About this exercise >>
Return only the lines below starting at the line containing "Our dolls are" and ending at the line containing "Бумага A4 Lomond", both included, exactly as they are and with no pictures.

-.-.-

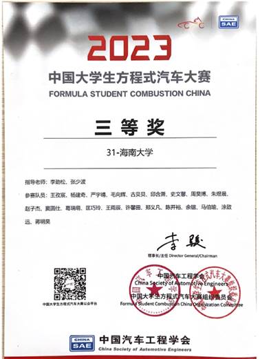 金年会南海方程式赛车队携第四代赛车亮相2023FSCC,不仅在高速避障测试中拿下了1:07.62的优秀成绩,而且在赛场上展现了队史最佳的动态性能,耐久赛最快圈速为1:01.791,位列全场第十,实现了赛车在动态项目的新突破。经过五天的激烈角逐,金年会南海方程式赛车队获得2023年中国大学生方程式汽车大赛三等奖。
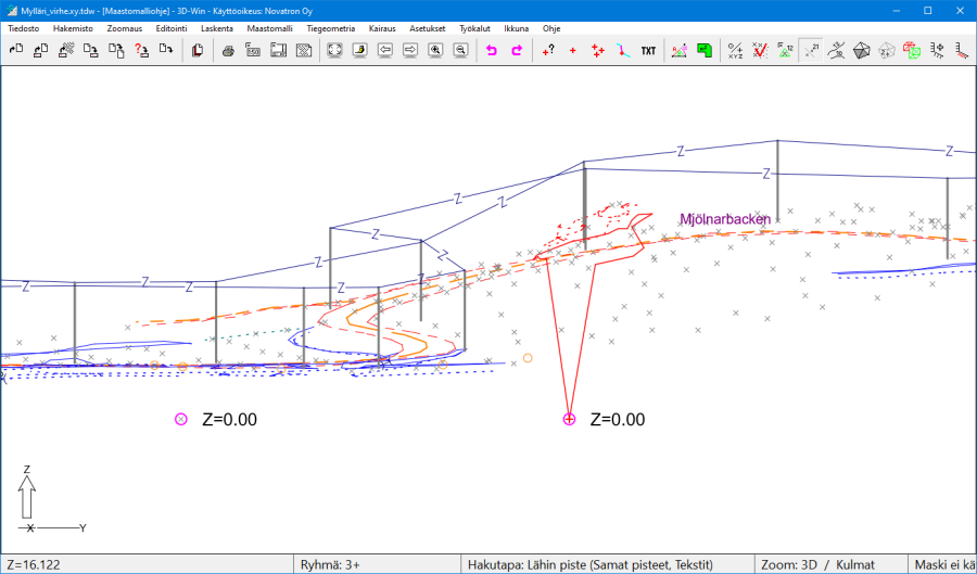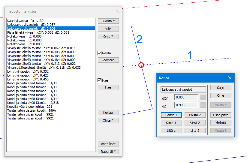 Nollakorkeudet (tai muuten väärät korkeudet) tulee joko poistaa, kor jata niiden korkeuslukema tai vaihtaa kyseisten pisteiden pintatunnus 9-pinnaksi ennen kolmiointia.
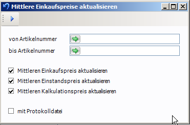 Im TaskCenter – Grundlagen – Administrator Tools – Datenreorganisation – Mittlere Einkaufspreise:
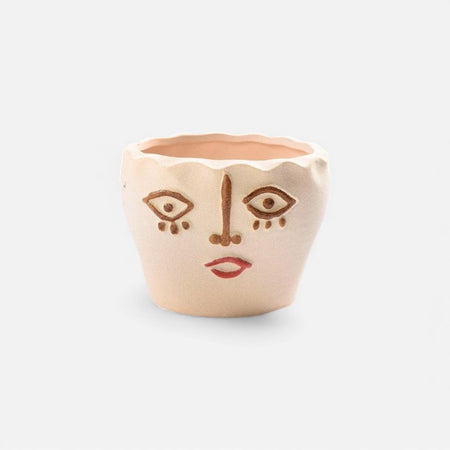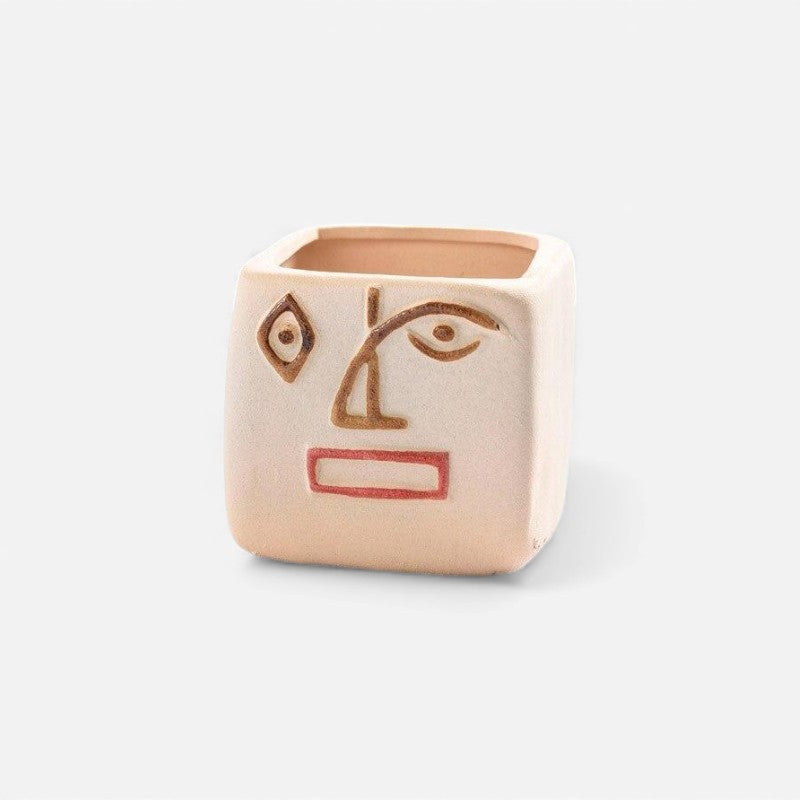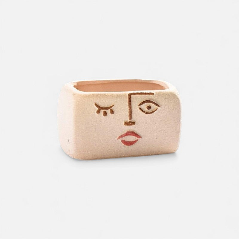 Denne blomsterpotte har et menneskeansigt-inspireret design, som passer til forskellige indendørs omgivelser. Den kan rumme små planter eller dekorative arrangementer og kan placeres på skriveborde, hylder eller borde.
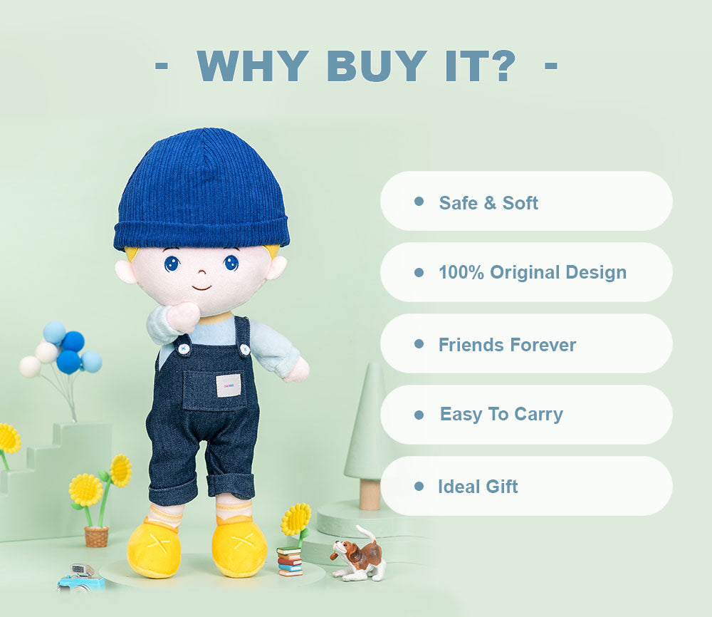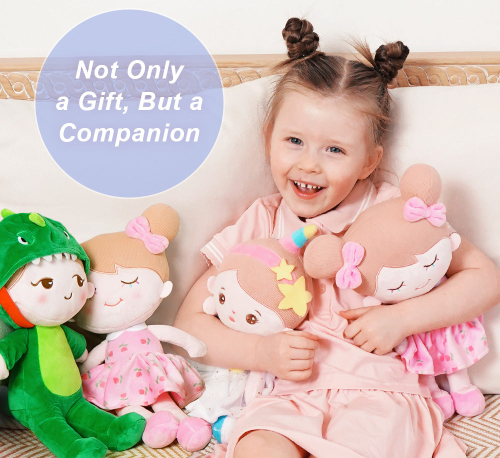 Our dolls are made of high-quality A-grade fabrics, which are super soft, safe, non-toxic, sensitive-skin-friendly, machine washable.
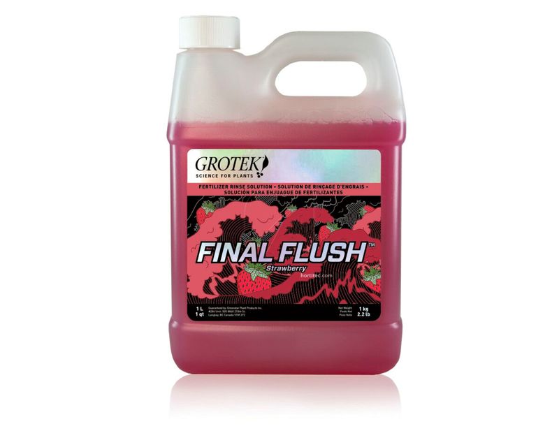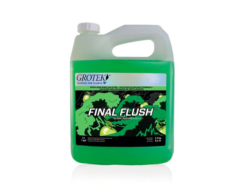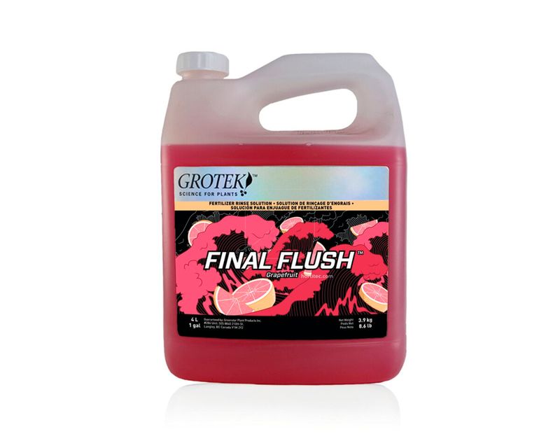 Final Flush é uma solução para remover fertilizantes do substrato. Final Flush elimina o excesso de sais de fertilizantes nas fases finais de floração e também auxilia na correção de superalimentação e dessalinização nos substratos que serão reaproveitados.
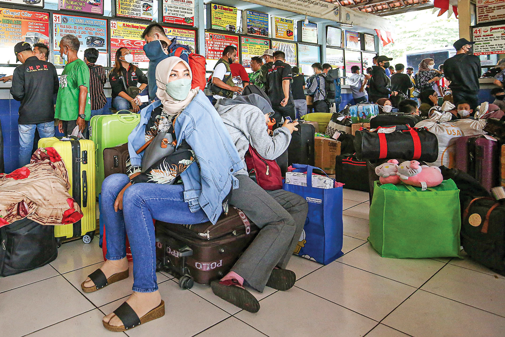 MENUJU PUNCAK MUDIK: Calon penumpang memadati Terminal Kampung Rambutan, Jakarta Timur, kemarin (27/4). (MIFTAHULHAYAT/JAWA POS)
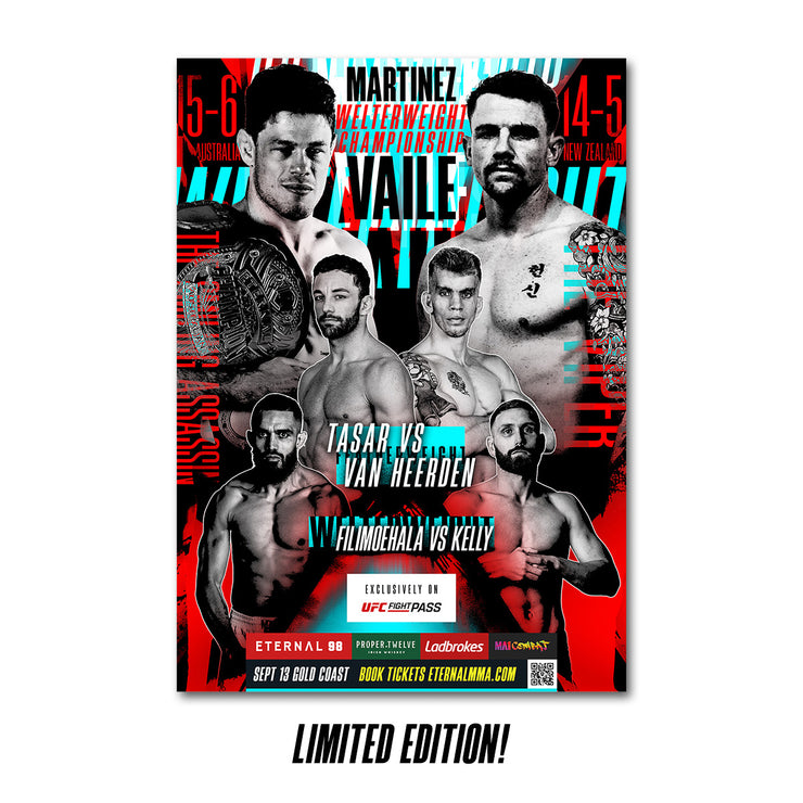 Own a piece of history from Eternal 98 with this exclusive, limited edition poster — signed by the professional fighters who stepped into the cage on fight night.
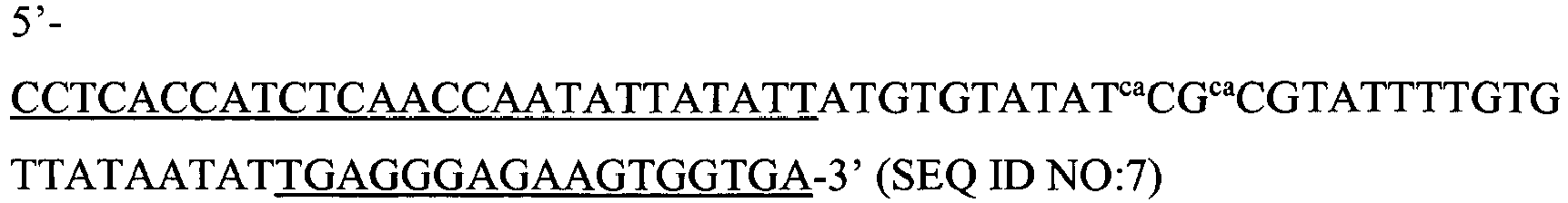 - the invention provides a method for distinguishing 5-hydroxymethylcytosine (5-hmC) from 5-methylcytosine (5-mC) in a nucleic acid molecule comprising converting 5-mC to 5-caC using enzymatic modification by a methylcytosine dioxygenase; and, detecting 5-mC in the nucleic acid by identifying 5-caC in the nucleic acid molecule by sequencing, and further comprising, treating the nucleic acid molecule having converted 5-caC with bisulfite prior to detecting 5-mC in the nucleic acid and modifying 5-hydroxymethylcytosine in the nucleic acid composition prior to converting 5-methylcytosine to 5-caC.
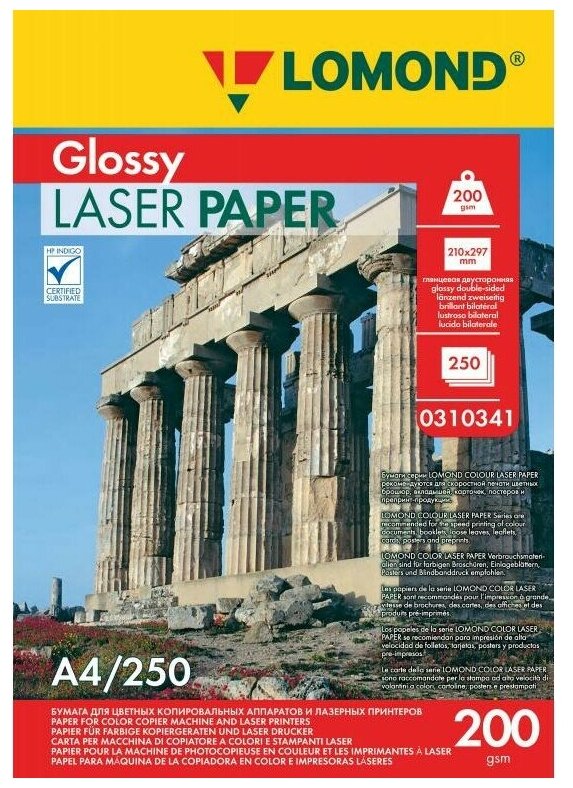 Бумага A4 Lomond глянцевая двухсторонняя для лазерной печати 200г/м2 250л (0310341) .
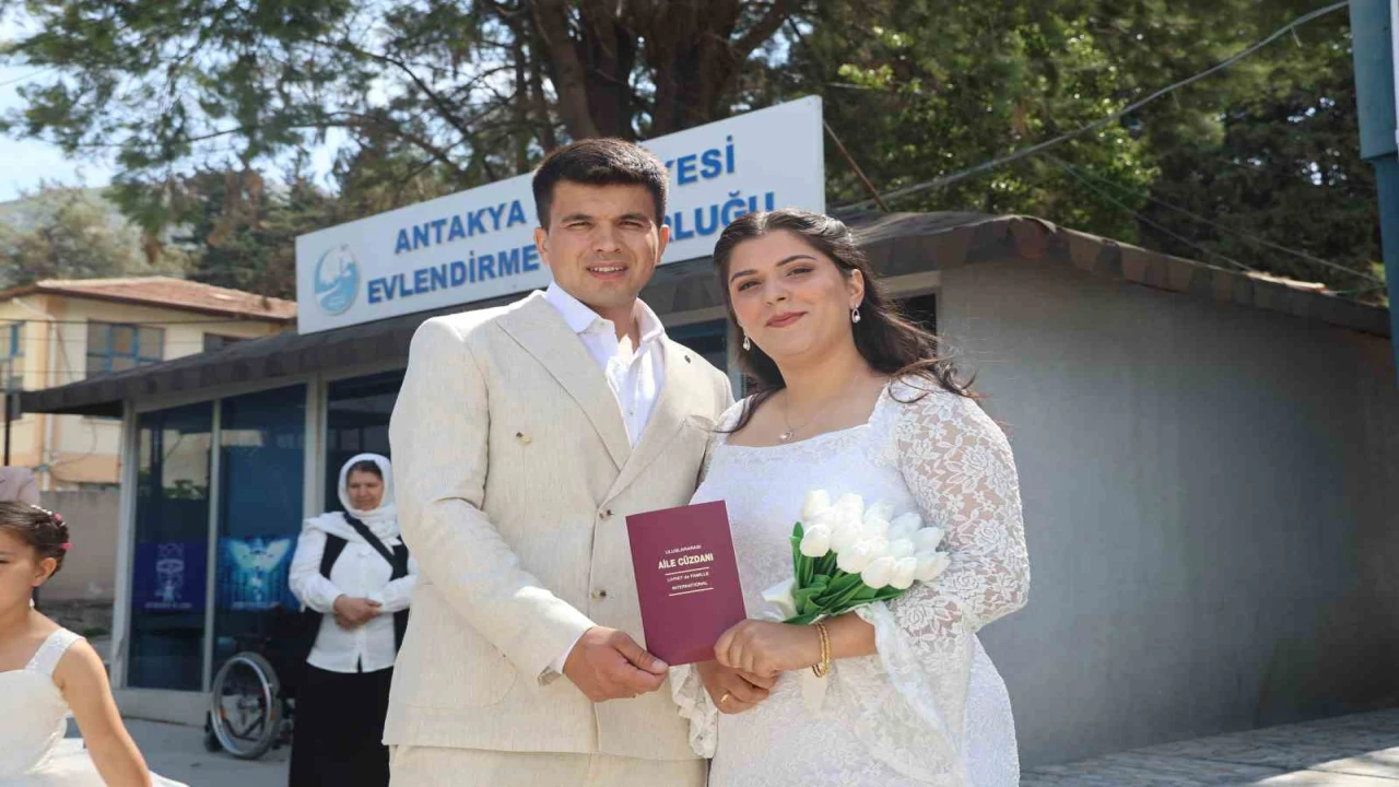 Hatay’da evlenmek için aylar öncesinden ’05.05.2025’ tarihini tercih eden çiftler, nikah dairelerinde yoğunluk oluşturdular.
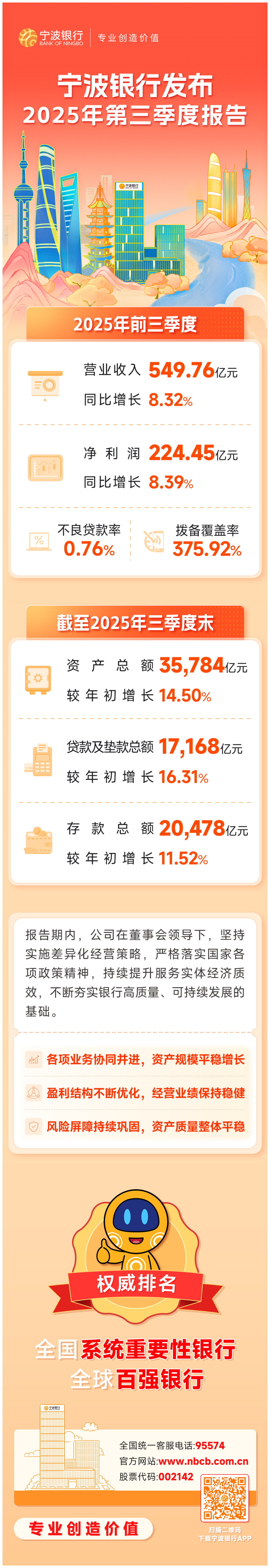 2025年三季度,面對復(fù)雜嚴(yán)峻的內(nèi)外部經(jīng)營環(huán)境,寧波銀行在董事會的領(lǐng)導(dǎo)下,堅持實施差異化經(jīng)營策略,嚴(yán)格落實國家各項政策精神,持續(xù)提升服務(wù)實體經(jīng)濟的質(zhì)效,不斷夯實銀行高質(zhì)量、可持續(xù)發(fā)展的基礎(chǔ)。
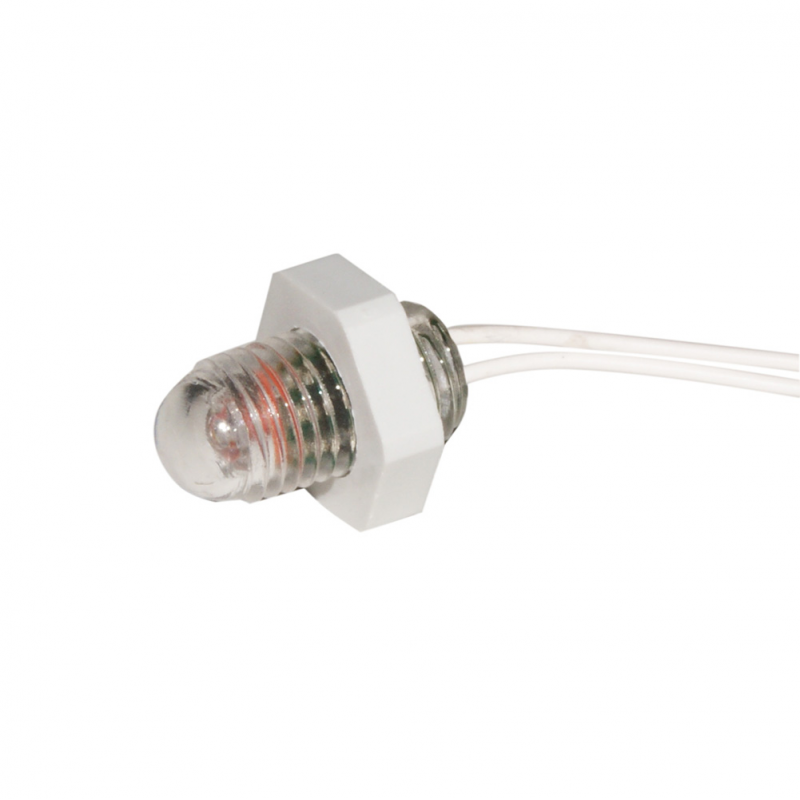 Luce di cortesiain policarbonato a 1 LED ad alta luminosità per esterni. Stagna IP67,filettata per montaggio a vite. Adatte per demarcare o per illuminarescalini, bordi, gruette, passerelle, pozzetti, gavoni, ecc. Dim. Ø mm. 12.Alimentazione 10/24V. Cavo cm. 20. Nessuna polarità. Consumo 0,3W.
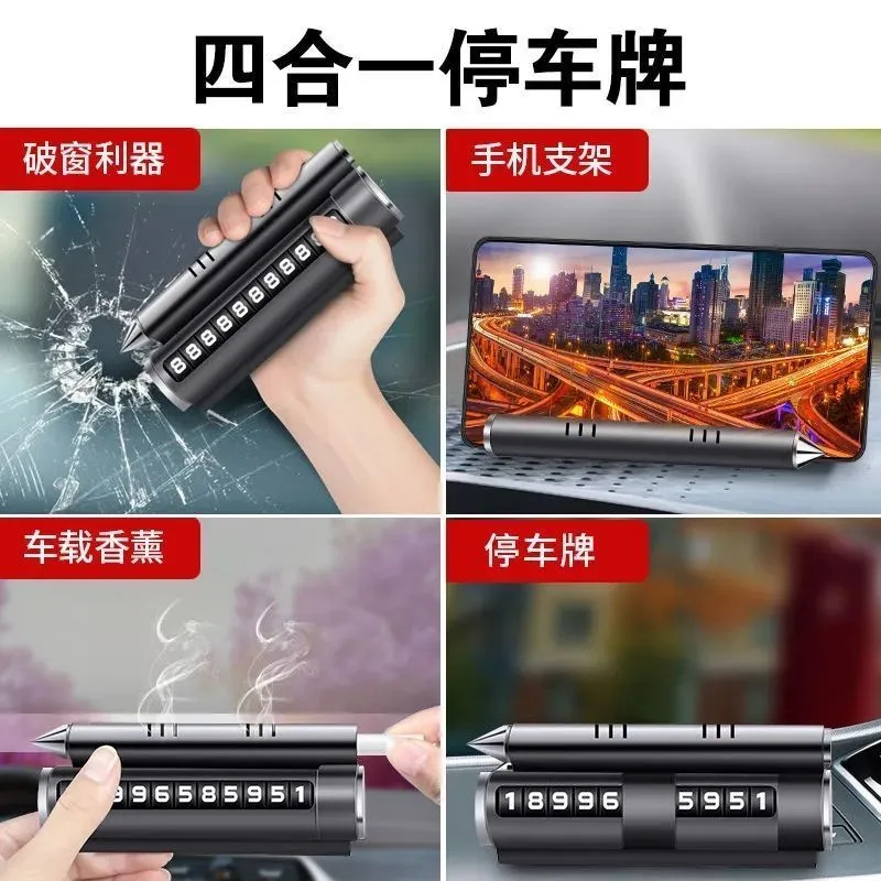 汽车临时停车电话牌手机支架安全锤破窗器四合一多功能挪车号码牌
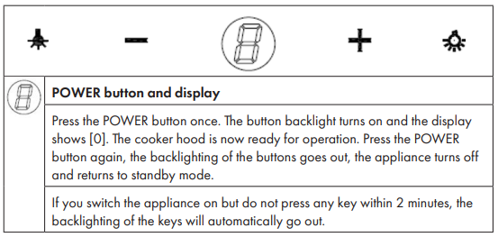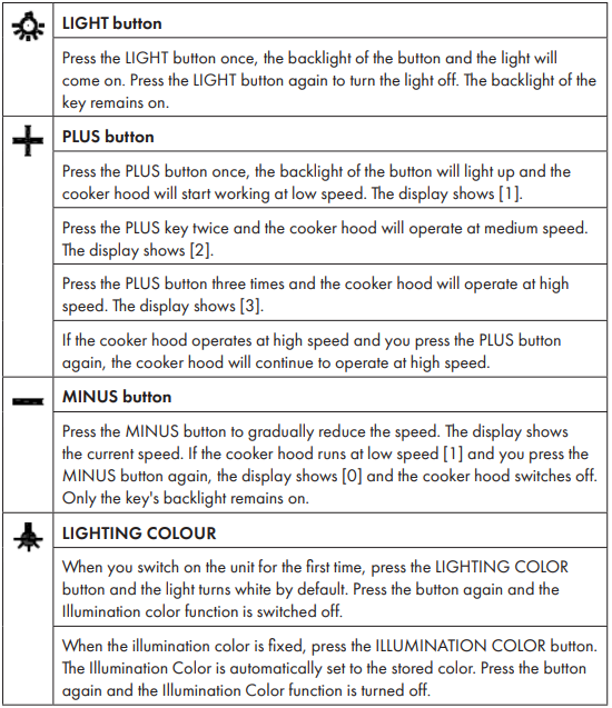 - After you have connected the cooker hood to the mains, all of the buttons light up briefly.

-.-.-

Response to the exercise >>
 Our dolls are made of high-quality A-grade fabrics, which are super soft, safe, non-toxic, sensitive-skin-friendly, machine washable.
 Final Flush é uma solução para remover fertilizantes do substrato. Final Flush elimina o excesso de sais de fertilizantes nas fases finais de floração e também auxilia na correção de superalimentação e dessalinização nos substratos que serão reaproveitados.
 MENUJU PUNCAK MUDIK: Calon penumpang memadati Terminal Kampung Rambutan, Jakarta Timur, kemarin (27/4). (MIFTAHULHAYAT/JAWA POS)
 Own a piece of history from Eternal 98 with this exclusive, limited edition poster — signed by the professional fighters who stepped into the cage on fight night.
 - the invention provides a method for distinguishing 5-hydroxymethylcytosine (5-hmC) from 5-methylcytosine (5-mC) in a nucleic acid molecule comprising converting 5-mC to 5-caC using enzymatic modification by a methylcytosine dioxygenase; and, detecting 5-mC in the nucleic acid by identifying 5-caC in the nucleic acid molecule by sequencing, and further comprising, treating the nucleic acid molecule having converted 5-caC with bisulfite prior to detecting 5-mC in the nucleic acid and modifying 5-hydroxymethylcytosine in the nucleic acid composition prior to converting 5-methylcytosine to 5-caC.
 Бумага A4 Lomond глянцевая двухсторонняя для лазерной печати 200г/м2 250л (0310341) .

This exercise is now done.